8 giugno -
La Regione Veneto da qualche settimana si trova al centro di una polemica in quanto accusata di discriminare i pazienti candidati al trapianto. La storia prende spunto dalla lettura dell’allegato A delle “linee Guida per la Valutazione e l’assistenza psicologica in area donazione-trapianto” datata marzo 2009, nelle quali si escludono dai trapianti di organo le persone con danni cerebrali irreversibili; quelle con ritardo mentale fissando il quoziente intellettivo inferiore a 50, coloro che hanno tentato da poco il suicidio e chi ha dipendenze da alcol e/o droghe. Fattori questi ritenuti “controindicazioni assolute”.
Di questa “discriminazione” non ne ha parlato nessuno per più di un anno fino a quando due nefrologi del Gemelli di Roma Nicola Panocchia e Maurizio Bossola, insieme a Giacomo Vivanti, psicologo dell’Università della California, in un articolo pubblicato sull’“American Journal of Transplantation” sono partiti all’attacco denunciando come: “Le linee guida della Regione Veneto indicano il ritardo mentale come una controindicazione al trapianto e di fatto escludono pazienti con disabilità intellettiva da questa procedura salvavita”. “Tali disposizioni – hanno spiegato i medici – non trovano nessuna giustificazione di tipo etico, clinico o giuridico.

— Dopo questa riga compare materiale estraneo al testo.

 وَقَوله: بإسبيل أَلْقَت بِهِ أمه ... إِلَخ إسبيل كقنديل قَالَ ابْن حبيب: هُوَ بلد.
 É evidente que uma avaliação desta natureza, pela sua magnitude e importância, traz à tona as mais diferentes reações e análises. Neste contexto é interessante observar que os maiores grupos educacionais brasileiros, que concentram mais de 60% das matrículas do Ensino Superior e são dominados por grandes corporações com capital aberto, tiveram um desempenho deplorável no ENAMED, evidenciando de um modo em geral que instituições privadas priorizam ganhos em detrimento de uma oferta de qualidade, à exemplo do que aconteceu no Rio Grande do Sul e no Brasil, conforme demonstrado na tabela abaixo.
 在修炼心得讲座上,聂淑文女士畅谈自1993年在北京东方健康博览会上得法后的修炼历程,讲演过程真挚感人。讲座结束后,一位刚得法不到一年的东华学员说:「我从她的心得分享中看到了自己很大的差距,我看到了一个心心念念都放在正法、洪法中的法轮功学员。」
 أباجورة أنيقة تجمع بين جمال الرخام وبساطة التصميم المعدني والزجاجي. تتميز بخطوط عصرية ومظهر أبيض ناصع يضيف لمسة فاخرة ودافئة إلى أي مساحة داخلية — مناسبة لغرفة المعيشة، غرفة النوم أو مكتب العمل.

Che il ritardo mentale medio o grave sia una controindicazione al trapianto è una disposizione discriminatoria priva di logica e tanto più grave se perpetrata da un’istituzione pubblica. Non c’è nessuna prova scientifica che giustifichi l’esclusione dei disabili intellettivi”.
In più ha specificato Bossola: “Tutte le Regioni adottano dei criteri per l’inserimento dei pazienti in lista d’attesa ma il criterio di esclusione è una malattia psichiatrica grave, che ridurrebbe la possibilità di adesione alle terapie antirigetto. Invece nelle linee guida del Veneto c’è un criterio di controindicazione assoluta all’inserimento di persone con ritardo mentale, stimato peraltro usando una misura grossolana, quella del quoziente intellettivo”. Dunque tra i possibili esclusi anche i bambini con sindrome di Down e gli autistici.

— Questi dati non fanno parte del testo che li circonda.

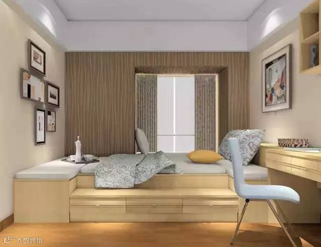 房间小收纳量不足?榻榻米床的设计连衣柜都省了,然后你还可以再打造一个办公区。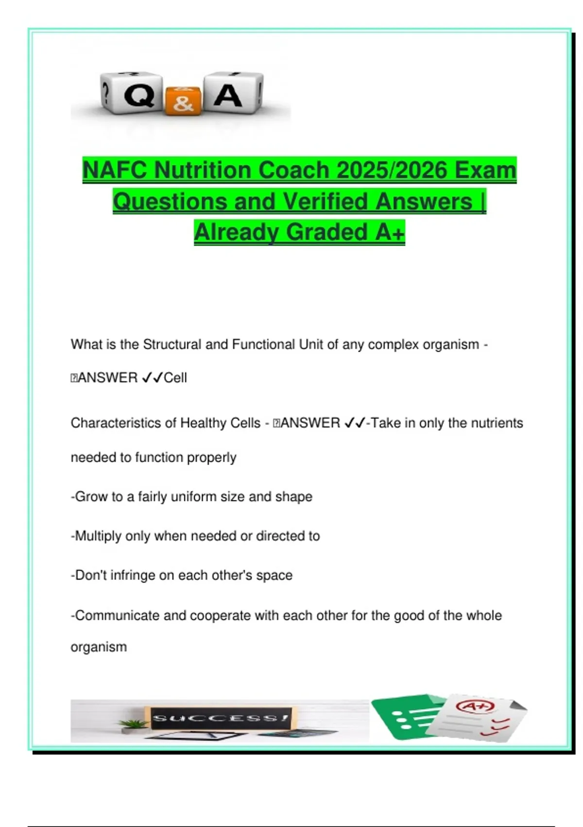 Characteristics of Healthy Cells - 🧠ANSWER ✔✔-Take in only the nutrients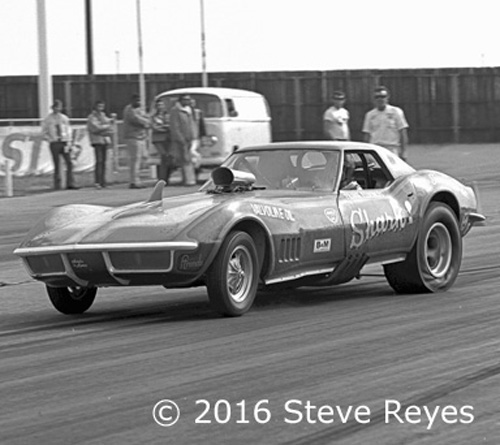 I only remember three funny cars that ran two engines; Dean Dillingham's A&W Root Beer Nova that burned to the ground; Junior Brogden's Phony Pony (two injected Ford engines in line) that was only around for a few races; and then there was Donnie Hampton's Too Bad twin engine (side by side) Corvette. The Too Bad Corvette wasn't going to set records because of its weight but it sure sounded cool. Alas, it only ran a handful of times before burning to the ground. Hampton did not rebuild.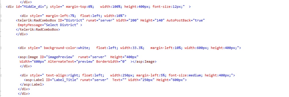 <telerik:RadAjaxManager ID="RadAjaxManager1" runat="server" DefaultLoadingPanelID="LoadingPanel1"> <AjaxSettings> <telerik:AjaxSetting AjaxControlID="thumbRotator"> <UpdatedControls> <telerik:AjaxUpdatedControl ControlID="imagePreview" LoadingPanelID="LoadingPanel1" /> <telerik:AjaxUpdatedControl ControlID="RadListView1" LoadingPanelID="LoadingPanel1" /> </UpdatedControls> </telerik:AjaxSetting> <telerik:AjaxSetting AjaxControlID="thumbRotator1"> <UpdatedControls> <telerik:AjaxUpdatedControl ControlID="imagePreview" LoadingPanelID="LoadingPanel1" /> <telerik:AjaxUpdatedControl ControlID="RadListView1" LoadingPanelID="LoadingPanel1" /> </UpdatedControls> </telerik:AjaxSetting> <telerik:AjaxSetting AjaxControlID="RadListBox1"> <UpdatedControls> <telerik:AjaxUpdatedControl ControlID="thumbRotator" LoadingPanelID="LoadingPanel1" /> <telerik:AjaxUpdatedControl ControlID="SqlDataSource2" LoadingPanelID="LoadingPanel1" /> <telerik:AjaxUpdatedControl ControlID="thumbRotator1" LoadingPanelID="LoadingPanel1" /> </UpdatedControls> </telerik:AjaxSetting> </AjaxSettings> </telerik:RadAjaxManager> <telerik:RadAjaxLoadingPanel ID="LoadingPanel1" runat="server" Transparency="30" EnableSkinTransparency="true" BackColor="#E0E0E0"> </telerik:RadAjaxLoadingPanel><telerik:RadTabStrip ID="RadTabStrip1" runat="server" SelectedIndex="0" MultiPageID="RadMultiPage1" CssClass="tabstyle" SelectedCssClass="SelectedTab" Align="Right" ForeColor="White" Skin="Sitefinity"> <Tabs> <telerik:RadTab Text="CURRENT THEME" > </telerik:RadTab> <telerik:RadTab Text="GALLERY" > </telerik:RadTab> <telerik:RadTab Text="UPLOAD PHOTOS"> </telerik:RadTab> </Tabs> </telerik:RadTabStrip> <telerik:RadMultiPage ID="RadMultiPage1" runat="server" SelectedIndex="0"> <telerik:RadPageView ID="RadPageView1" runat="server" CssClass="photowrap_cm"> <div id="picsarchivevertical_cm"> <table width="88" > <tr> <td > <img src="Images/arrow_up2.png" id="img_up" height="20" width="40" alt="" style="cursor: pointer" /> </td> </tr> <tr> <td> <telerik:RadRotator ID="thumbRotator" runat="server" RotatorType="Buttons" Width="72px" Height="240px" ItemHeight="60px" ItemWidth="73px" FrameDuration="1" ScrollDirection="Up,Down" OnItemClick="ShowImage" BorderStyle="None"> <ItemTemplate> <div> <img src='<%# DataBinder.Eval(Container.DataItem, "Image") %>' alt='gallery image' class="RotatorImage" /><br /> </div> </ItemTemplate> <ControlButtons UpButtonID="img_up" DownButtonID="img_down" /> </telerik:RadRotator> <asp:SqlDataSource ID="SqlDataSource2" runat="server" ConnectionString="<%$ ConnectionStrings:CMCONSUMER_IMPERIAL_WEB_QAConnectionString2 %>" SelectCommand="SELECT a.THUMBPATHFILENAME as [NAME] FROM ASSET a INNER JOIN PHOTO_OF_THE_DAY AS p ON p.ASSET_ID = a.ASSET_ID where Photo_Category = @ThemeID"> <SelectParameters> <asp:ControlParameter ControlID="RadListBox1" DefaultValue="2" Name="ThemeID" PropertyName="SelectedValue" /> </SelectParameters> </asp:SqlDataSource> </td> </tr> <tr> <td> <img src="Images/arrow_down2.png" id="img_down" height="20" width="40" alt="" style="cursor: pointer" /> </td> </tr> </table> </div> <div id="picsinglephoto_cm"> <asp:Image ID="imagePreview" runat="server" ImageUrl="Images/spacer.gif" Height="226px" Width="328px" AlternateText="preview" BorderWidth="0"></asp:Image><div id="picsauthor_cm"> <asp:Label ID="lblUserName" runat="server" Text="Name"></asp:Label> <br /> <asp:Label ID="lblPhotoDate" runat="server" Text="Date"></asp:Label></div> <div id="picslikeit_cm"> <asp:Label ID="lblLikes" runat="server" Text="Likes"></asp:Label> <asp:LinkButton ID="ImagelikeButton" runat="server" Text="Like" Style="text-decoration: none" /> <br /> </div> </div> <div id="form_photoOfTheDayComment" class="tm10 clear"> </div> <div id="picscomments_cm"> <asp:Image ID="comment_headshot" runat="server" Height="50" Width="50" CssClass="floatLeft rm10" /> <asp:TextBox ID="txtComment" runat="server" CssClass="form_comments fnt11 italic white" Text="Leave a comment..." TextMode="MultiLine"></asp:TextBox> <br /><p class="white fnt10 podCommentCopy"> By submitting this post, you grant USA Gold the permission to publish the comment on joinusagold.com</p> <asp:LinkButton ID="lnkCommentSubmit" runat="server" CssClass="fnt10 white strong rightArrow podCommentSubmit" CommandName="ContentId" OnCommand="lnkCommentSubmit_OnCommand">SUBMIT</asp:LinkButton> <telerik:RadListView ID="RadListView1" runat="server" DataSourceID="SqlDataSource1" AllowPaging="True" DataKeyNames="COMMENT_ID" ItemPlaceholderID="CommentContainer" Height="170" Skin="Sunset" onitemcommand="RadListView1_ItemCommand"> <ItemTemplate> <fieldset style="float: left; width: 280px;" > <legend><%# Eval("NAME") %></legend> <div> <div style="text-align: center; float: left"> <telerik:RadBinaryImage ID="RadBinaryImage2" runat="server" AlternateText="Avatar" ToolTip="Avatar" Width="50px" Height="50px" ResizeMode="Fit" ImageUrl='<%# Eval("AVATARPATH") %>' /></div> <div> <div> <%# Eval("DATE") %> </div> <div> <div> <%# Eval("COMMENT") %> </div> <div> <%# GetLikeText(Eval("LIKES").ToString()) %> it. <asp:LinkButton ID="likeButton" runat="server" Text="Like" CommandName="AddLike" CommandArgument='<%# Eval("Comment_ID") %>' Style="text-decoration: none" /><br /> </div> </div> </div> </div> </fieldset> </ItemTemplate> <LayoutTemplate> <fieldset> <asp:PlaceHolder ID="CommentContainer" runat="server" /> <telerik:RadDataPager ID="RadDataPager1" runat="server" PageSize="2" Skin="Black"> <Fields> <telerik:RadDataPagerButtonField FieldType="Numeric" /> </Fields> </telerik:RadDataPager> </fieldset> </LayoutTemplate> </telerik:RadListView> </div> </telerik:RadPageView> <telerik:RadPageView runat="server" ID="RadPageView2"> <div style="width: 700px"> <div style="float: left" class="picsarchivevertical_cm"> <table width="477" > <tr> <td colspan="3" align="center"> <img src="Images/arrow_up2.png" id="img_up2" height="20" width="40" alt="" style="cursor: pointer" /> </td> </tr> <tr> <td> <telerik:RadRotator ID="thumbRotator1" 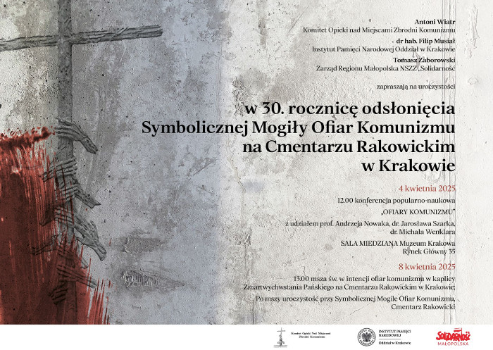 Serdecznie zapraszamy do wzięcia udziału w obchodach 30. rocznicy odsłonięcia Symbolicznej Mogiły Ofiar Komunizmu na Cmentarzu Rakowickim w Krakowie.

Alla luce di queste polemiche la Giunta del Veneto, a fine maggio, ha emanato una circolare applicativa, firmata dal coordinatore regionale per i trapianti Francesco Calabrò, in cui sono sparite le “controindicazioni assolute”, e si scrive che “In sintesi, il documento ha il significato di indicare ed evidenziare le condizioni nelle quali, per eseguire con successo il trapianto, è necessario mettere in atto interventi di tipo diagnostico e terapeutico, nonché una rete di sostegno, finalizzati a garantire il massimo delle possibilità di cura, anche in presenza di rischi aumentati.
Questo è il senso e lo scopo principale delle linee guida, che vanno nella direzione di dichiarare le condizioni che possono ostacolare la buona riuscita del trapianto, per richiamare la necessità di diagnosticarle in maniera metodica e precisa”.